What is the difference between denominator layout and numerator layout?

In the denominator layout (Jacobian formulation), differentiating a scalar by a vector yields a column vector. In the numerator layout (Hessian formulation), it yields a row vector. The denominator layout is dominant in machine learning and statistics. Formulas differ by a transpose depending on the convention, so care is needed when reading different references.

What are the most commonly used matrix calculus formulas?

The most frequently used formulas are: ∂(Ax)/∂x = Aᵀ (linear transformation), ∂(xᵀAx)/∂x = (A + Aᵀ)x (quadratic form), ∂tr(AX)/∂X = Aᵀ (trace derivative), and ∂log|X|/∂X = X⁻ᵀ (log-determinant derivative). Quadratic forms and trace derivatives are especially common in machine learning.

What fields use vector/matrix calculus?

It is used in machine learning (gradient computation for loss functions, backpropagation), statistics (maximum likelihood estimation, Fisher information matrix), optimization (Newton's method, quasi-Newton methods), control engineering (LQR, Kalman filter), physics simulations, signal processing, and econometrics, among many others.

What is the difference between vector differentiation and matrix differentiation?

Vector differentiation refers to differentiating a scalar or vector with respect to a vector (producing gradients or Jacobian matrices).
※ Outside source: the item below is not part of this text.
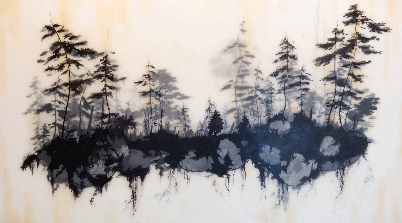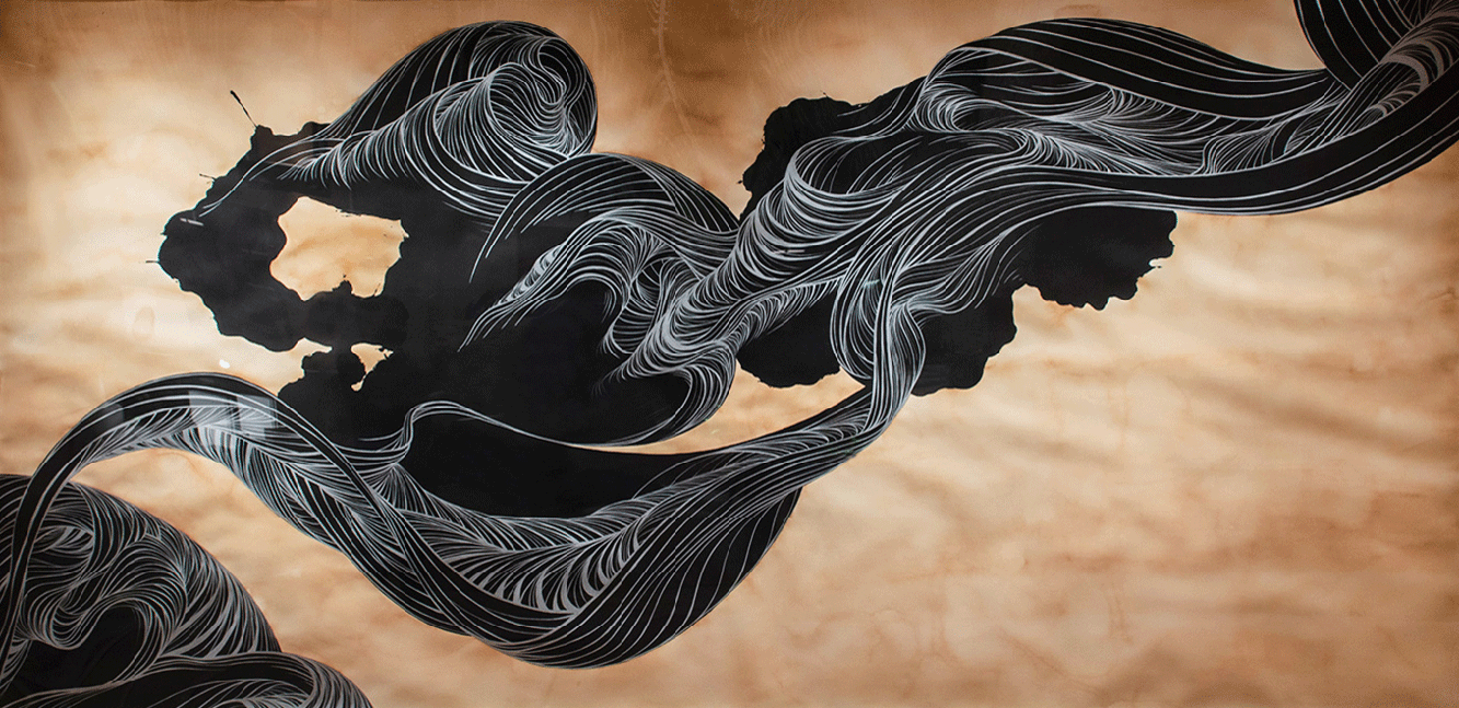 Lana'i Flow | 2018 | Sumo ink on tobacco-stained paper

Matrix differentiation refers to differentiating a scalar or matrix with respect to a matrix (involving trace and determinant derivative formulas). Together they are called Matrix Calculus.

Vector & Matrix Calculus

Q: What is vector/matrix calculus?

Vector/matrix calculus (Matrix Calculus) is a field that systematically handles differentiation of functions whose variables are scalars, vectors, or matrices. By organizing partial derivatives into matrix and vector forms, it enables concise notation for gradient computations in machine learning, maximum likelihood estimation in statistics, and more.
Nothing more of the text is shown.